Any values that are not specified will not be modified.

PARAMETERS
run (Optional[str | ``:class:`~mcli.api.model.run.Run` ``]) – A run or run name to update. Using Run objects is most efficient. See the note below.

update_run_data (Dict[str, Any]) – DEPRECATED: Use the individual named-arguments instead. The data to update the run with. This can include preemptible, priority, maxRetries, and retryOnSystemFailure

preemptible (bool) – Update whether the run can be stopped and re-queued by higher priority jobs; default is False

priority (str) – Update the priority of the run to low, medium, or high; default is medium

max_retries (int) – Update the max number of times the run can be retried; default is 0

retry_on_system_failure (bool) – Update whether the run should be retried on system failure (i.e. a node failure); default is False

timeout (Optional[float]) – Time, in seconds, in which the call should complete. If the call takes too long, a TimeoutError will be raised. If future is True, this value will be ignored.

max_duration – Update the max time that a run can run for (in hours).

future (bool) – Return the output as a Future. If True, the call to update_run() will return immediately and the request will be processed in the background. This takes precedence over the timeout argument. To get the list of Run output, use return_value.result() with an optional timeout argument.

RAISES
MAPIException – Raised if updating the requested run failed

RETURNS
If future is False – Updated Run object

Otherwise – A Future for the list

Stopping runs
mcli.api.runs.stop_run(run, *, timeout=10, future=False)[source]
Stop a run

Stop a run currently running in the MosaicML platform.

PARAMETERS
run (Optional[str | ``:class:`~mcli.api.model.run.Run` ``]) – A run or run name to stop. Using Run objects is most efficient. See the note below.

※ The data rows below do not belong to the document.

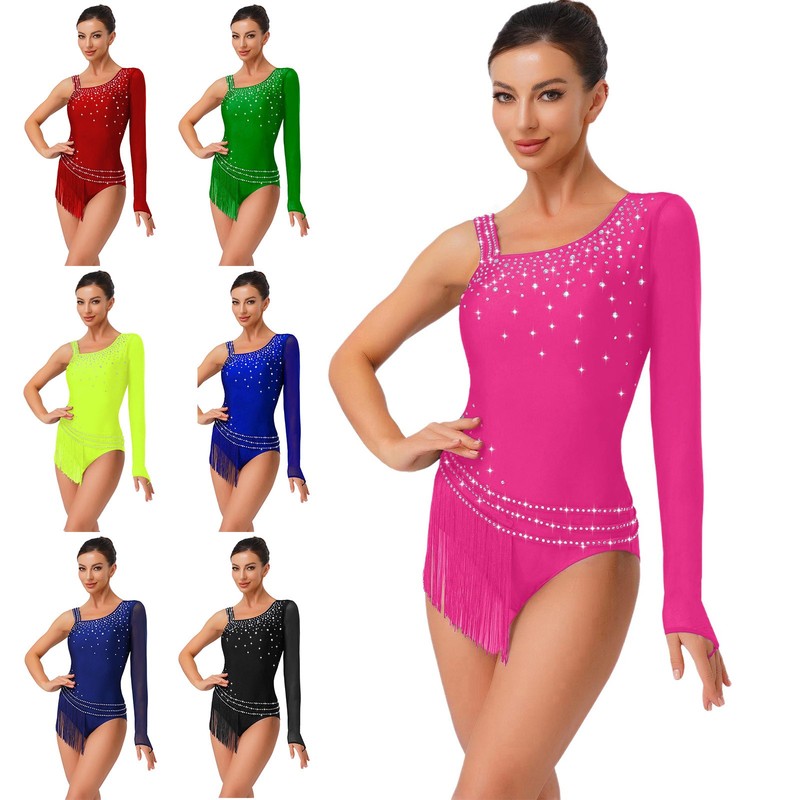 The long-sleeve design is a trendy element, adding elegance and warmth, making it suitable for various dance styles and performances.
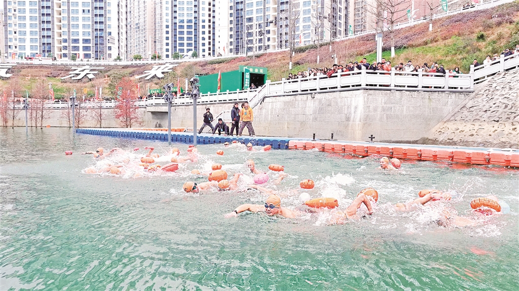 12月21日,陜西省第八屆漢江公開水域冬泳賽在紫陽縣月畔灣廣場水域舉行。當(dāng)天,來自陜西、湖北、四川、重慶、河南、內(nèi)蒙古自治區(qū)的44支代表隊(duì)400余名運(yùn)動員報名參賽。(儲茂銀 攝)
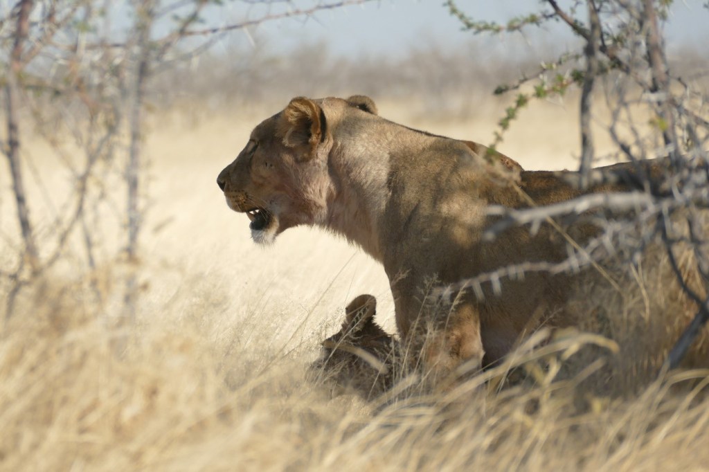 At Okaukuejo, I was happy to see the campsite nearly empty. Not that many tourists were around and I had free choice to select my camping spot. Once settled in, and after a short visit to the camps´waterhole, it was already afternoon and I decided to have a quick drive out to get an idea of the area and just some hundred metres outside camp, I had an amazing sighting:

timeout (Optional[float]) – Time, in seconds, in which the call should complete. If the call takes too long, a TimeoutError will be raised. If future is True, this value will be ignored.

future (bool) – Return the output as a Future. If True, the call to stop_run() will return immediately and the request will be processed in the background. This takes precedence over the timeout argument. To get the list of Run output, use return_value.result() with an optional timeout argument.

RAISES
MAPIException – Raised if stopping the requested runs failed A successfully stopped run will have the status `RunStatus.STOPPED`

RETURNS
If future is False – Stopped Run object

Otherwise – A Future for the object

mcli.api.runs.stop_runs(runs, *, timeout=10, future=False)[source]
Stop a list of runs

Stop a list of runs currently running in the MosaicML platform.

PARAMETERS
runs (Optional[List[str] | List[Run ]]) – A list of runs or run names to stop. Using Run objects is most efficient. See the note below.

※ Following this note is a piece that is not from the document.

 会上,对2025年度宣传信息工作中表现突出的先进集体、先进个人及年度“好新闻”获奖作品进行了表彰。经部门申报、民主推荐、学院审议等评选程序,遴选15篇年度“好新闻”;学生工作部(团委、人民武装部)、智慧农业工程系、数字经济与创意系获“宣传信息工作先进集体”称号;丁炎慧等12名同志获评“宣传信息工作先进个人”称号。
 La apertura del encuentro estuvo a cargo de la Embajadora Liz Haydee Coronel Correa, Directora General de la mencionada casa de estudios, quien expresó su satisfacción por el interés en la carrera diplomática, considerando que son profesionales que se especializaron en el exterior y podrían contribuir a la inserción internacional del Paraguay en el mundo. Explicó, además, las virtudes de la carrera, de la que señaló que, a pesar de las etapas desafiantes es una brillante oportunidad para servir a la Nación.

timeout (Optional[float]) – Time, in seconds, in which the call should complete. If the call takes too long, a TimeoutError will be raised. If future is True, this value will be ignored.

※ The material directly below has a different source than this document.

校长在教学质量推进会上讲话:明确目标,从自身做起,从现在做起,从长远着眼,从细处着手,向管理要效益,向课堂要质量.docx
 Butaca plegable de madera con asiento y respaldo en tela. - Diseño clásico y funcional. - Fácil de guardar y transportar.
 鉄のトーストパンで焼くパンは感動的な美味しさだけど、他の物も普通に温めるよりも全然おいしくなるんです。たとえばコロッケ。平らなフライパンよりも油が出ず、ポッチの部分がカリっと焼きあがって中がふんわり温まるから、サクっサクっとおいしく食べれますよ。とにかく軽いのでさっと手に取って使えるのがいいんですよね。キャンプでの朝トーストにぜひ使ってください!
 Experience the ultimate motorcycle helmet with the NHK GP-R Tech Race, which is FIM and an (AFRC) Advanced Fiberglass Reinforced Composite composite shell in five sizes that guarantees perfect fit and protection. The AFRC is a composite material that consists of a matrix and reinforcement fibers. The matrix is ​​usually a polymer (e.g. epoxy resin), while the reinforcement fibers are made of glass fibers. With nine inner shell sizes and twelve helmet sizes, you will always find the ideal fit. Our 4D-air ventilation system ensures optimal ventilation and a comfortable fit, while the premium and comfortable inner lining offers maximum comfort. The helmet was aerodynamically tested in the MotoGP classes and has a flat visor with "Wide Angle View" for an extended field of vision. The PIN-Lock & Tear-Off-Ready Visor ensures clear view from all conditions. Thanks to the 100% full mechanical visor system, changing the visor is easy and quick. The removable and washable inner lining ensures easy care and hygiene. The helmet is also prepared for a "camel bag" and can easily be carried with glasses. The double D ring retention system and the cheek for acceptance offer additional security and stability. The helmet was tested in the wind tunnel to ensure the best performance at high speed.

future (bool) – Return the output as a Future. If True, the call to stop_runs() will return immediately and the request will be processed in the background. This takes precedence over the timeout argument. To get the list of Run output, use return_value.result() with an optional timeout argument.

RAISES
MAPIException – Raised if stopping any of the requested runs failed. All successfully stopped runs will have the status `RunStatus.STOPPED`. You can freely retry any stopped and unstopped runs if this error is raised due to a connection issue.

RETURNS
If future is False – A list of stopped Run objects

Otherwise – A Future for the list

Deleting runs
To delete runs, you must supply the run names or Run object. To delete a set of runs, you can use the output of get_runs() or even define your own filters directly:

# delete a run by name
delete_run('delete-this-run')

# delete failed runs on cluster xyz using 1 or 2 GPUs
failed_runs = get_runs(statuses=['FAILED'], cluster_names=['xyz'], gpu_nums=[1, 2])
delete_runs(failed_runs)

# delete completed runs older than a month with name pattern
completed = get_runs(statuses=['COMPLETED'])
ref_date = dt.datetime.now() - dt.timedelta(days=30)
old_runs = [r for r in completed if 'experiment1' in r.name and r.created_at < ref_date ]
delete_runs(old_runs)
mcli.api.runs.delete_run(run, *, timeout=10, future=False)[source]
Delete a run in the MosaicML platform

If a run is currently running, it will first be stopped.

PARAMETERS
run – A run to delete

timeout – Time, in seconds, in which the call should complete. If the call takes too long, a TimeoutError will be raised. If future is True, this value will be ignored.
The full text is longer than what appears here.